Start of Data records
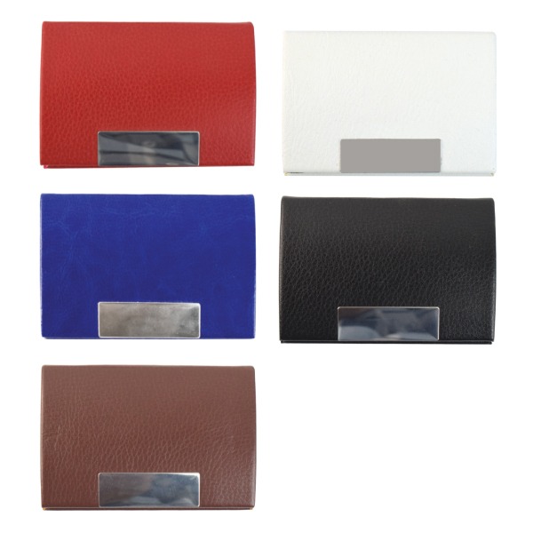 Leather business card holder case with magnetic closure and built-in magnet for easy opening. Product size is 96 x 65 x 14 mm. Available with logo branding in Dubai/UAE.
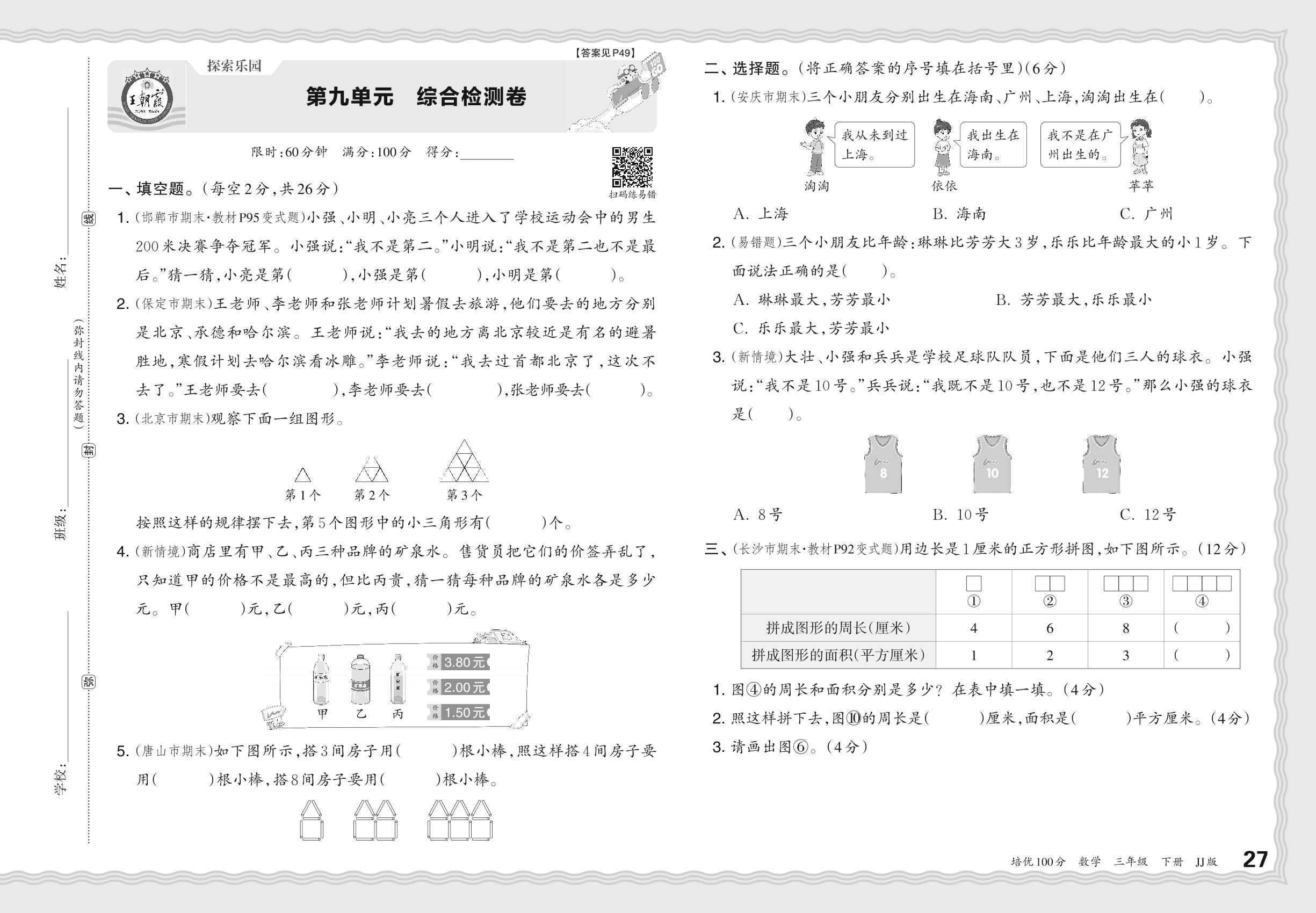 2024春下册三年级数学冀教版 第九单元 综合检测卷
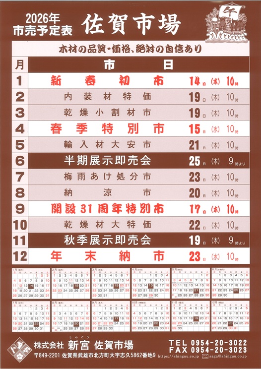 2026年市売予定表
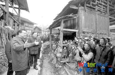 李克強(qiáng)在去年政府工作報告中承諾,全年再解決6000萬農(nóng)村人口飲水安全問題。當(dāng)天,他走進(jìn)貴州黎平縣蒲洞村貧困村民吳龍乾家簡陋的廚房,擰開水龍頭,用水瓢接水細(xì)細(xì)察看水質(zhì)。李克強(qiáng)叮囑有關(guān)負(fù)責(zé)人:“讓山區(qū)群眾喝上安全放心的飲用水,這是政府的硬承諾,絕不能打折扣!”
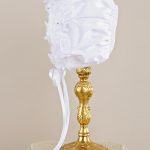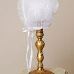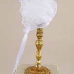 Absolutely lovely 34" heirloom christening gown with pleated front and elegant hand embroidery on bodice, front and hem. Ornamented with ribbon bows on each sleeve that can be removed if desired. Includes matching bonnet and slip. Handmade from 100% cotton. Hand wash. Shipped on elegant padded hanger and zippered vinyl bag. Heirloom preservation bag set recommended for long term storage. (CO32GS)
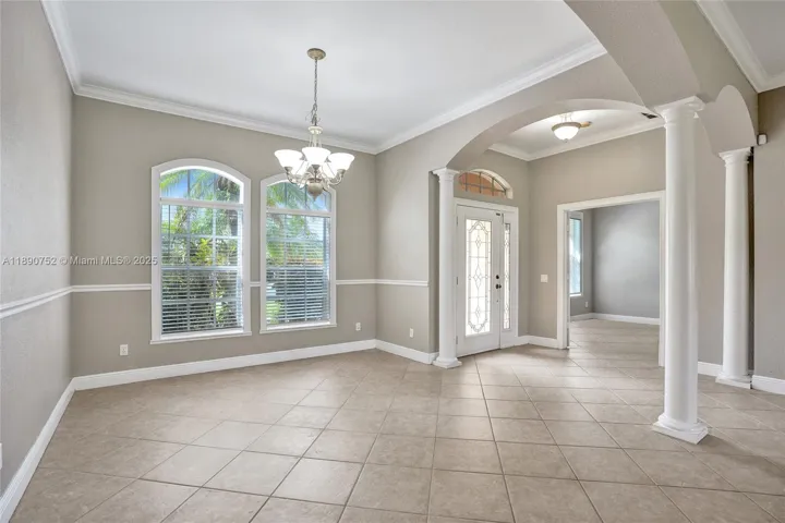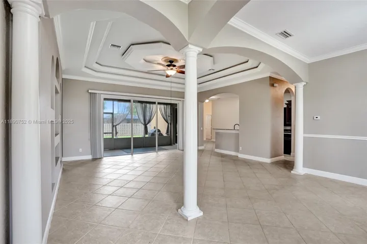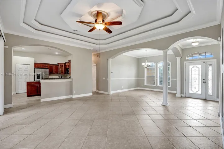 BRAND NEW ROOF! This beautifully designed 5-bedroom, 3-bath home offers style, space, and comfort. Inside, enjoy a blend of diagonal tile and hardwood floors throughout. The gourmet kitchen features granite countertops, wood cabinetry, and newer stainless steel appliances. Elegant details like double tray ceilings, arches, and crown molding add timeless charm. The spacious primary suite includes a jetted tub, tiled shower, and dual sinks. Upstairs, a versatile bedroom is ideal for a loft, office, or media room. The fenced backyard features a screened lanai and extended paver patio—perfect for outdoor living. Conveniently located near shopping, dining, and local amenities. Move-in ready and priced to sell!
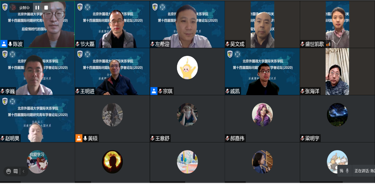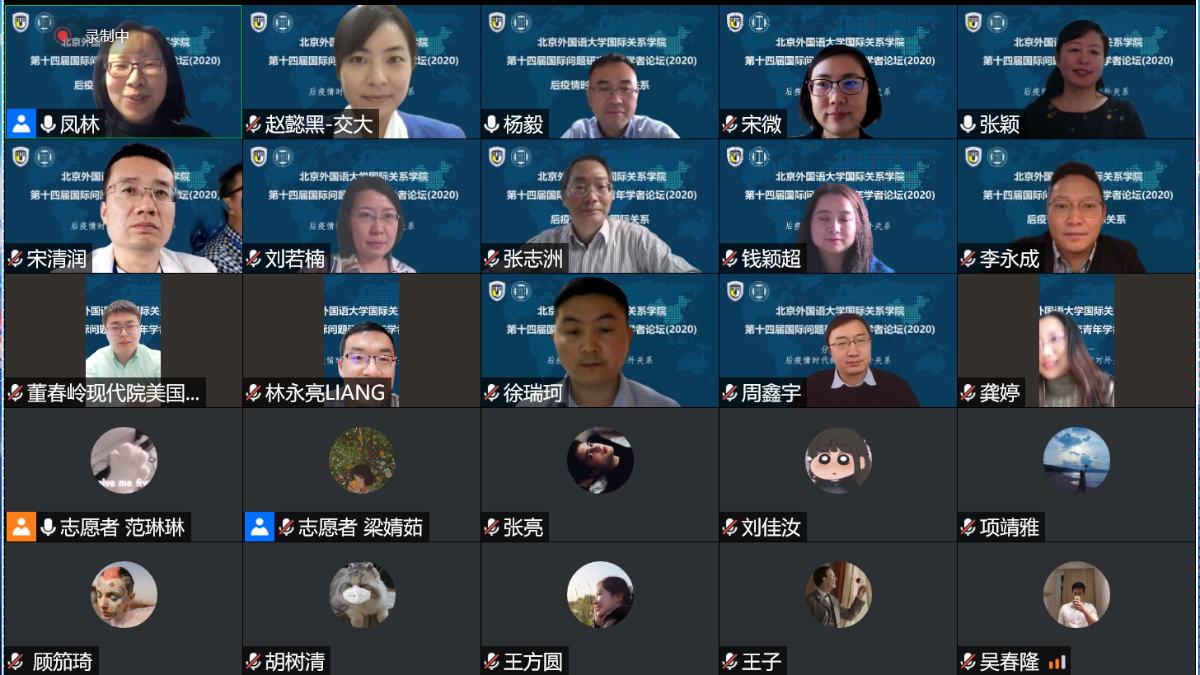 本次青年学者论坛共设四个分论坛,分论坛一主题为“后疫情时代的中国对外关系”,由北外国关学院的郭凤林老师主持。学者们围绕后疫情时代的中美关系与大国博弈、中国与东南亚安全关系、中国与南欧五国关系、中缅命运共同体建设、中国对非援助新模式、中国“一带一路”建设高质量发展新路、中国民间外交与国家形象提升等问题展开深入讨论,北外国关张颖教授、杨毅教授分别对发言进行了精彩的点评。
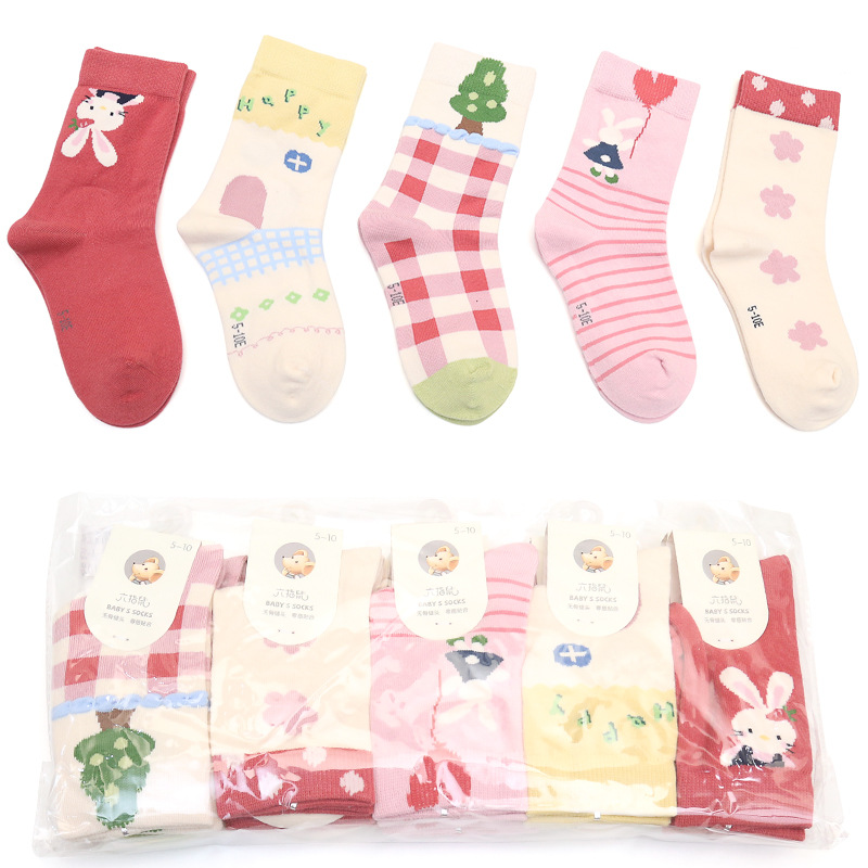 6 손가락 마우스 어린이 양말 길어진 뼈없는 만화 한국식 핑크 부드러운 긴 배럴 카드 소녀의 클래스 A 양말 75 면 학생스토어 가기
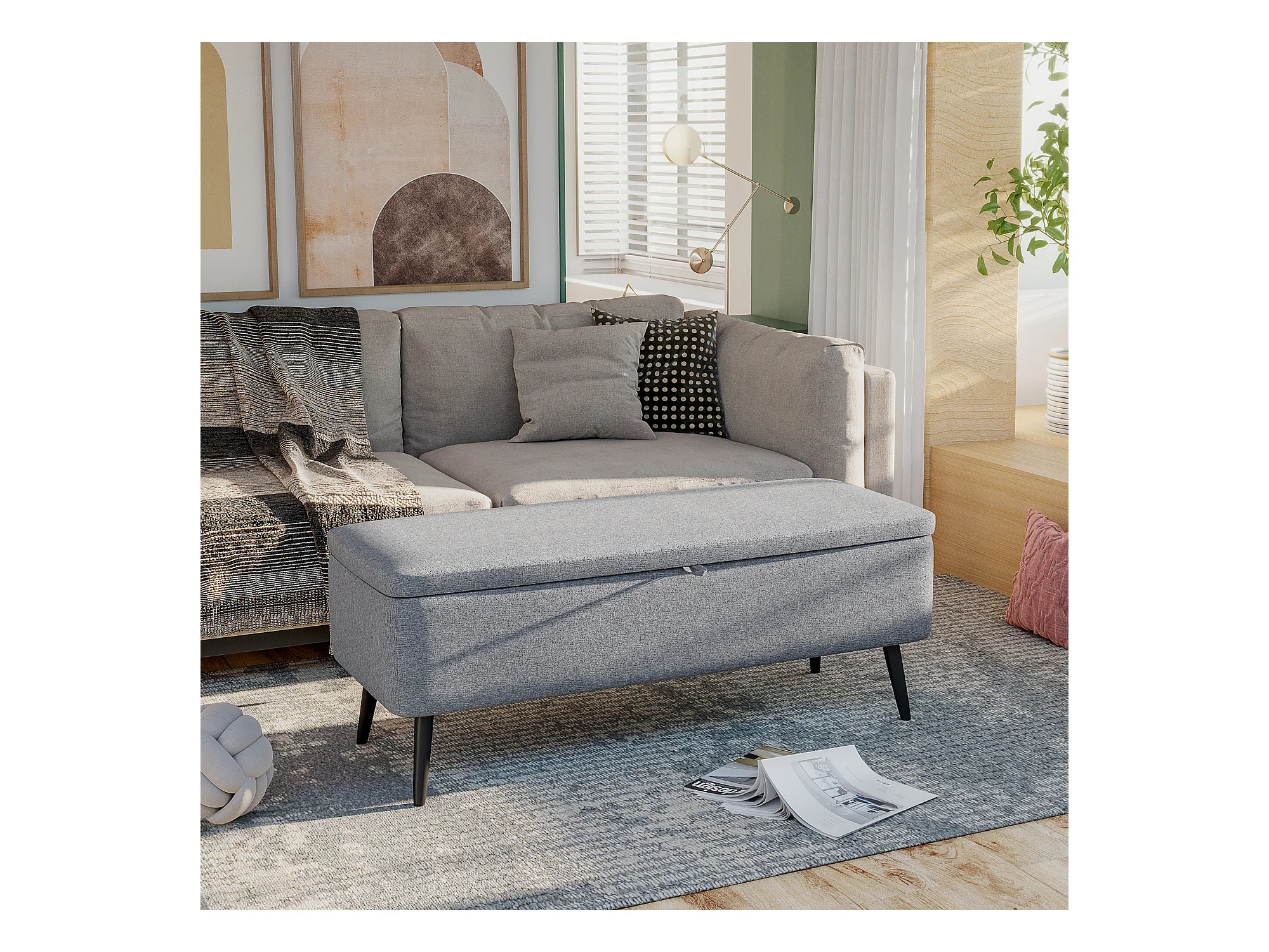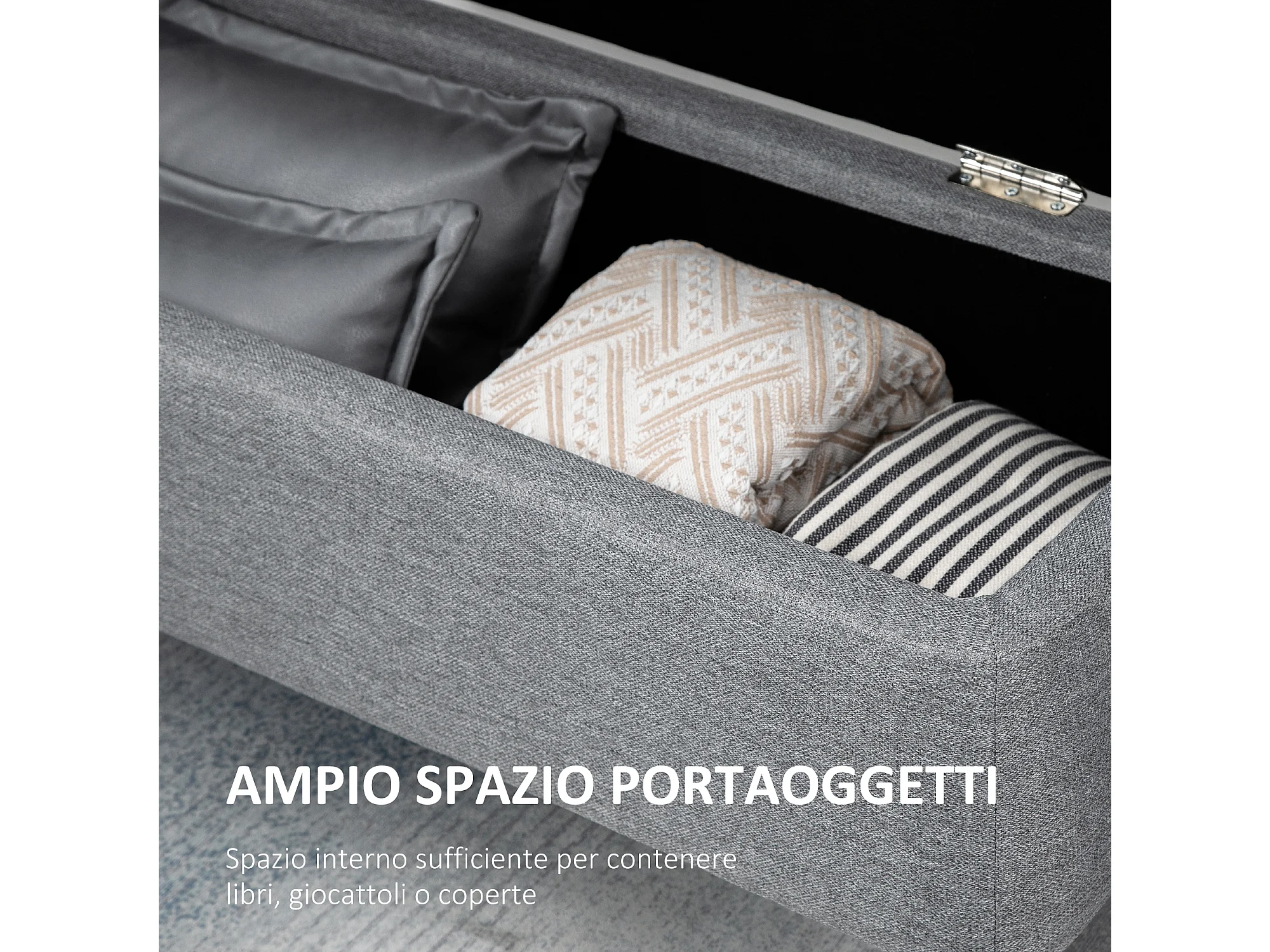 Panca contenitore imbottita in tessuto 111.5x41x65cm grigio
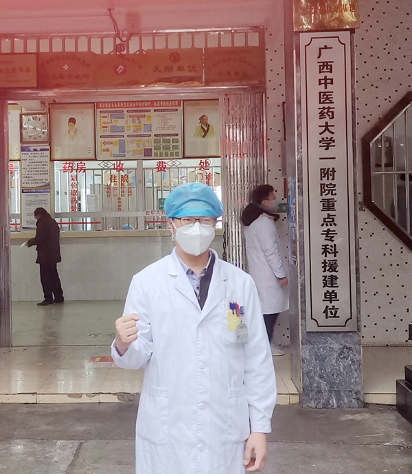 作为党员,他始终践行模范带头作用。当支援令下,他忘记夜班的疲惫,来不及休息,来不及告别家人,立即背起行囊,便投身支援都安抗疫队伍。他说:“其他同事有的孩子小,有的刚新婚,去支援都安,我是最合适的人选。”现在,他每天穿梭于病房,细心查看每一个病人,不忘提醒身边同事做好防护。当发现病房一位病人有发热现象,他第一时间指导护士将病人单间隔离,完善消毒防护措施。每天下班之前,他总不忘反复叮嘱护士,重点观察的病人和病情观察要点。
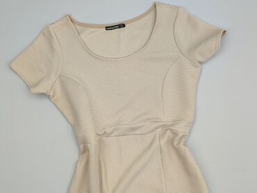 - Krój: krótkie rękawy, okrągły dekolt, cięcia modelujące w biuście, podkreślona talia
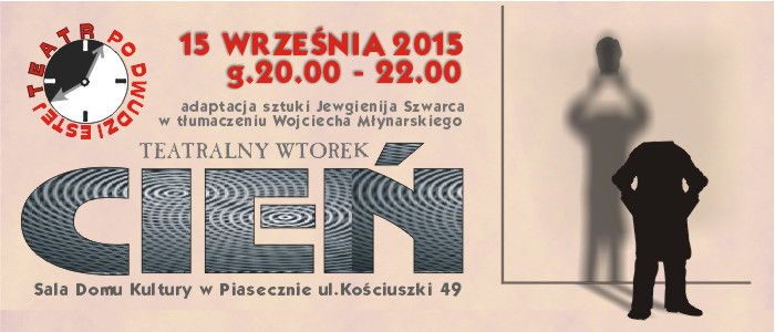 15 września 2015 roku w godz. 20.00 - 22.00 odbędzie się Wtorek Teatralny, podczas którego wystąpi Teatr Po 20-tej i przedstawi spektakl Cień w reż. Ewy Kłujszo. Miejsce: Piaseczno, Sala Domu Kultury, ul. Kościuszki 49. Wstęp 10 złotych.
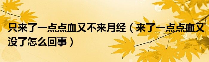 大家好,知識(shí)小編來(lái)為大家解答以上的問(wèn)題。只來(lái)了一點(diǎn)點(diǎn)血又不來(lái)月經(jīng),來(lái)了一點(diǎn)點(diǎn)血又沒(méi)了怎么回事很多人還不知道,現(xiàn)在讓我們一起來(lái)看看吧!
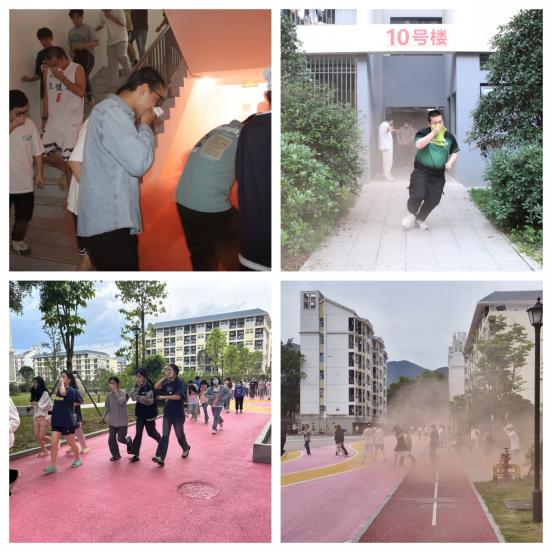 下午3:50,演练正式开始。为真实还原地震火灾的场景,工作人员在每个宿舍楼道点放演练用烟雾弹,模拟灾害现场烟尘弥漫、能见度低的恶劣环境,宿管员立即打开宿舍所有通道门禁,方便学生疏散。
End of Data records
Task prompt> Pictures are to be left out. Everything else in the records must be written out exactly.

Exercise result>
 Leather business card holder case with magnetic closure and built-in magnet for easy opening. Product size is 96 x 65 x 14 mm. Available with logo branding in Dubai/UAE.
 2024春下册三年级数学冀教版 第九单元 综合检测卷
 2026年市売予定表
 李克強(qiáng)在去年政府工作報告中承諾,全年再解決6000萬農(nóng)村人口飲水安全問題。當(dāng)天,他走進(jìn)貴州黎平縣蒲洞村貧困村民吳龍乾家簡陋的廚房,擰開水龍頭,用水瓢接水細(xì)細(xì)察看水質(zhì)。李克強(qiáng)叮囑有關(guān)負(fù)責(zé)人:“讓山區(qū)群眾喝上安全放心的飲用水,這是政府的硬承諾,絕不能打折扣!”
 Absolutely lovely 34" heirloom christening gown with pleated front and elegant hand embroidery on bodice, front and hem. Ornamented with ribbon bows on each sleeve that can be removed if desired. Includes matching bonnet and slip. Handmade from 100% cotton. Hand wash. Shipped on elegant padded hanger and zippered vinyl bag. Heirloom preservation bag set recommended for long term storage. (CO32GS)
 BRAND NEW ROOF! This beautifully designed 5-bedroom, 3-bath home offers style, space, and comfort. Inside, enjoy a blend of diagonal tile and hardwood floors throughout. The gourmet kitchen features granite countertops, wood cabinetry, and newer stainless steel appliances. Elegant details like double tray ceilings, arches, and crown molding add timeless charm. The spacious primary suite includes a jetted tub, tiled shower, and dual sinks. Upstairs, a versatile bedroom is ideal for a loft, office, or media room. The fenced backyard features a screened lanai and extended paver patio—perfect for outdoor living. Conveniently located near shopping, dining, and local amenities. Move-in ready and priced to sell!
 本次青年学者论坛共设四个分论坛,分论坛一主题为“后疫情时代的中国对外关系”,由北外国关学院的郭凤林老师主持。学者们围绕后疫情时代的中美关系与大国博弈、中国与东南亚安全关系、中国与南欧五国关系、中缅命运共同体建设、中国对非援助新模式、中国“一带一路”建设高质量发展新路、中国民间外交与国家形象提升等问题展开深入讨论,北外国关张颖教授、杨毅教授分别对发言进行了精彩的点评。
 6 손가락 마우스 어린이 양말 길어진 뼈없는 만화 한국식 핑크 부드러운 긴 배럴 카드 소녀의 클래스 A 양말 75 면 학생스토어 가기
 Panca contenitore imbottita in tessuto 111.5x41x65cm grigio
 作为党员,他始终践行模范带头作用。当支援令下,他忘记夜班的疲惫,来不及休息,来不及告别家人,立即背起行囊,便投身支援都安抗疫队伍。他说:“其他同事有的孩子小,有的刚新婚,去支援都安,我是最合适的人选。”现在,他每天穿梭于病房,细心查看每一个病人,不忘提醒身边同事做好防护。当发现病房一位病人有发热现象,他第一时间指导护士将病人单间隔离,完善消毒防护措施。每天下班之前,他总不忘反复叮嘱护士,重点观察的病人和病情观察要点。
 - Krój: krótkie rękawy, okrągły dekolt, cięcia modelujące w biuście, podkreślona talia
 15 września 2015 roku w godz. 20.00 - 22.00 odbędzie się Wtorek Teatralny, podczas którego wystąpi Teatr Po 20-tej i przedstawi spektakl Cień w reż. Ewy Kłujszo. Miejsce: Piaseczno, Sala Domu Kultury, ul. Kościuszki 49. Wstęp 10 złotych.
 大家好,知識(shí)小編來(lái)為大家解答以上的問(wèn)題。只來(lái)了一點(diǎn)點(diǎn)血又不來(lái)月經(jīng),來(lái)了一點(diǎn)點(diǎn)血又沒(méi)了怎么回事很多人還不知道,現(xiàn)在讓我們一起來(lái)看看吧!
 下午3:50,演练正式开始。为真实还原地震火灾的场景,工作人员在每个宿舍楼道点放演练用烟雾弹,模拟灾害现场烟尘弥漫、能见度低的恶劣环境,宿管员立即打开宿舍所有通道门禁,方便学生疏散。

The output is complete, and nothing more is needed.